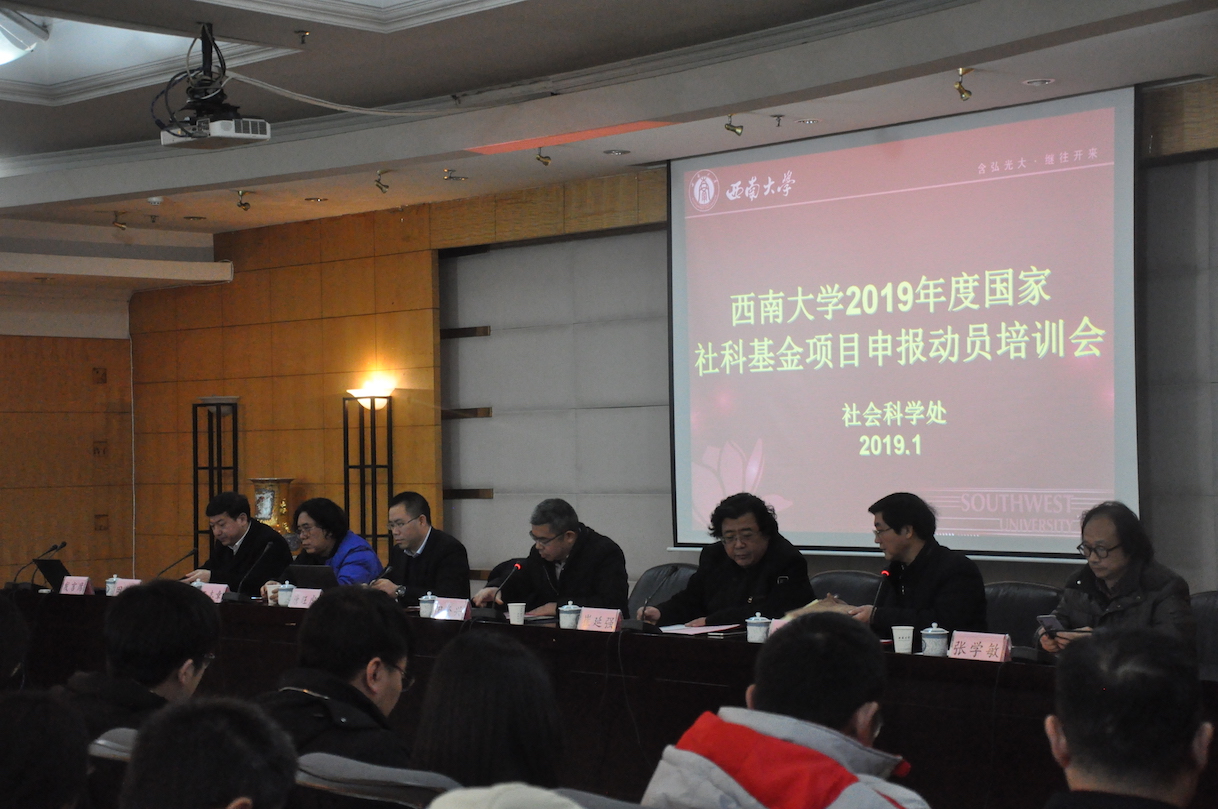 2019年度国家社科基金项目项目申报工作已全面启动,为准确把握国家社科基金项目的选题精神和论证规范,提高项目申报质量,学校于1月9日在田家炳教育书院八楼举办“2019年度国家社科基金项目申报动员培训会”。出席动员培训会的有重庆市社科联党组成员阳奎兴副主席,beat365在线唯一官网登录副校长崔延强,重庆市社科规划办主任唐旺虎,beat365在线唯一官网登录经济管理学院王志章教授、西南民族教育与心理研究中心主任张学敏、beat365在线唯一官网登录历史文化学院田阡教授。学校从事人文社会科学研究的广大科研人员、拟申报2019年度人文社科基金项目的科研人员、文科单位主管科研的领导和科研秘书共200余人参加了会议。会议由社科处处长刘义兵主持。
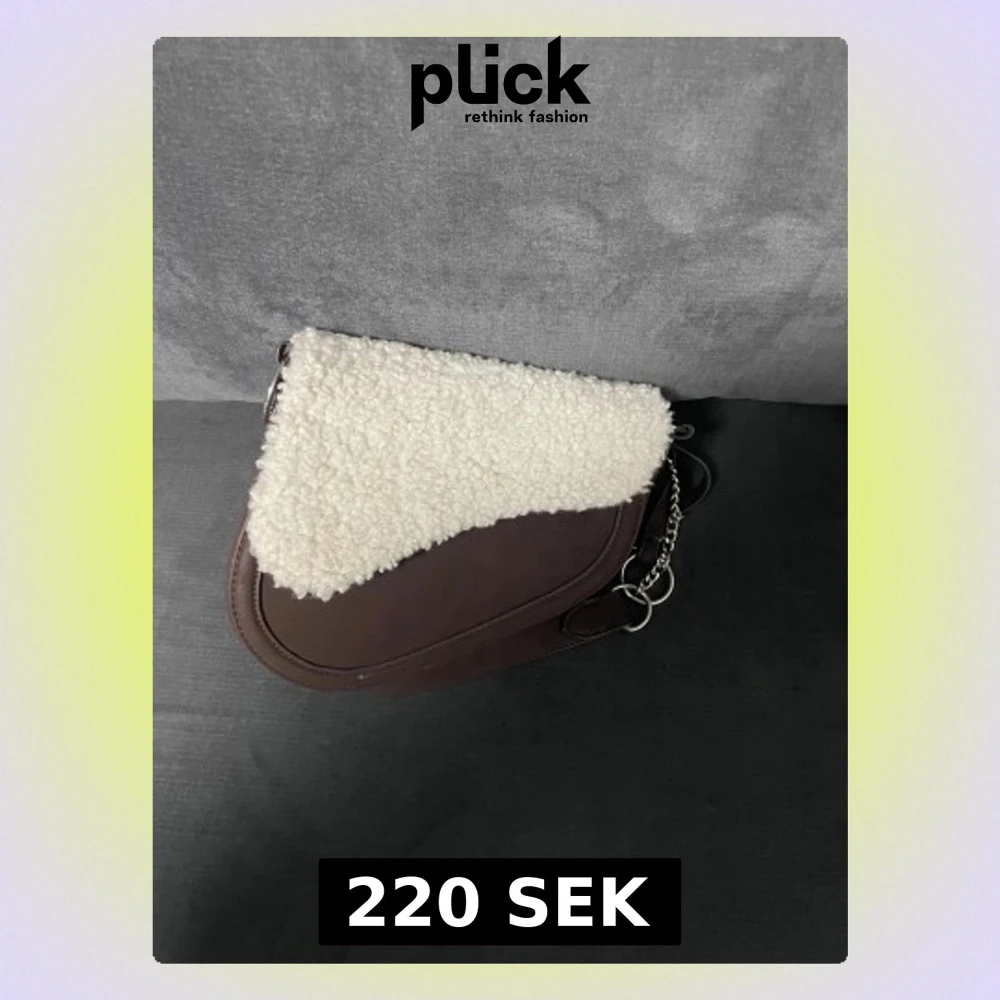 Säljer en snygg brun axelväska med mjuk vit pälsdetalj på locket. Väskan har en cool form, bred axelrem och silverfärgade ringar och kedjor som ger extra edge. Perfekt för dig som vill sticka ut med en unik accessoar. Materialet är skinn och pälsimitation.
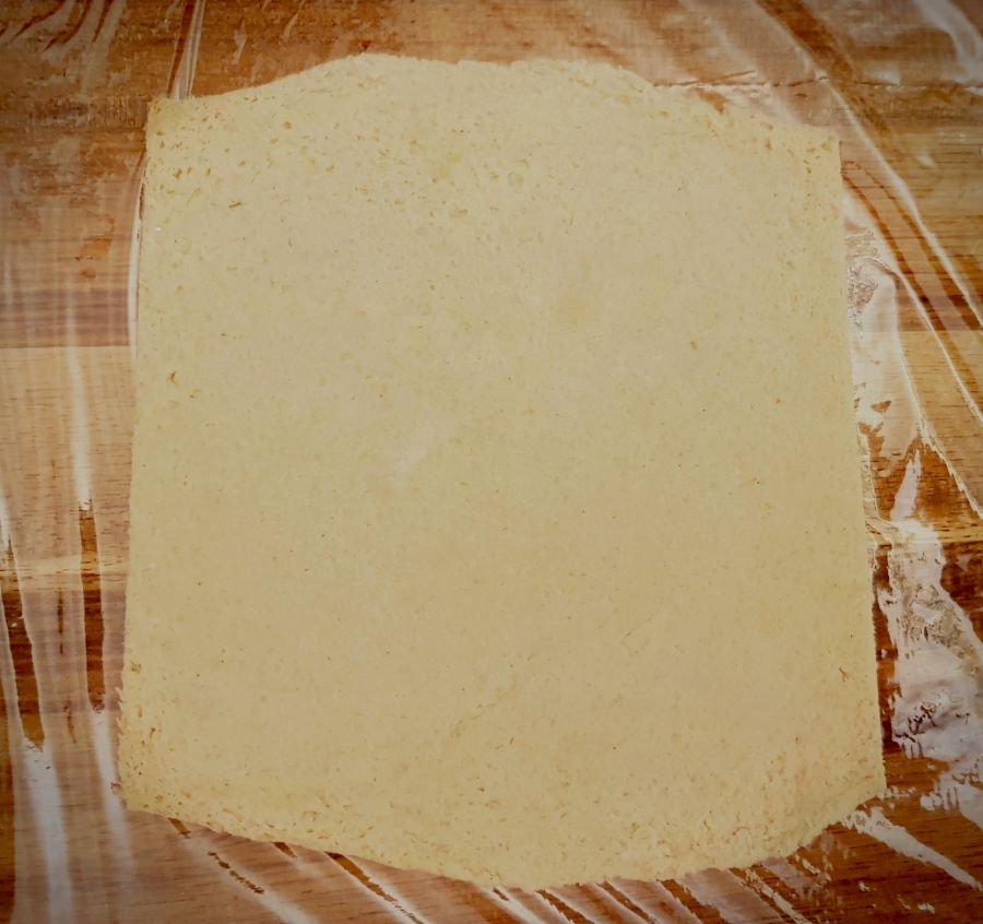 - Die Rinde (Krume) dünn wegschneiden. Auf einem Schneidbrett Klarsichtfolie auslegen und die Scheibe mit dem Nudelholz dünn ausrollen.

__________

* **Problem to work on**
Word for word, write out the full listing, leaving the pictures aside.

* **Solution below**
 2019年度国家社科基金项目项目申报工作已全面启动,为准确把握国家社科基金项目的选题精神和论证规范,提高项目申报质量,学校于1月9日在田家炳教育书院八楼举办“2019年度国家社科基金项目申报动员培训会”。出席动员培训会的有重庆市社科联党组成员阳奎兴副主席,beat365在线唯一官网登录副校长崔延强,重庆市社科规划办主任唐旺虎,beat365在线唯一官网登录经济管理学院王志章教授、西南民族教育与心理研究中心主任张学敏、beat365在线唯一官网登录历史文化学院田阡教授。学校从事人文社会科学研究的广大科研人员、拟申报2019年度人文社科基金项目的科研人员、文科单位主管科研的领导和科研秘书共200余人参加了会议。会议由社科处处长刘义兵主持。
 Säljer en snygg brun axelväska med mjuk vit pälsdetalj på locket. Väskan har en cool form, bred axelrem och silverfärgade ringar och kedjor som ger extra edge. Perfekt för dig som vill sticka ut med en unik accessoar. Materialet är skinn och pälsimitation.
 - Die Rinde (Krume) dünn wegschneiden. Auf einem Schneidbrett Klarsichtfolie auslegen und die Scheibe mit dem Nudelholz dünn ausrollen.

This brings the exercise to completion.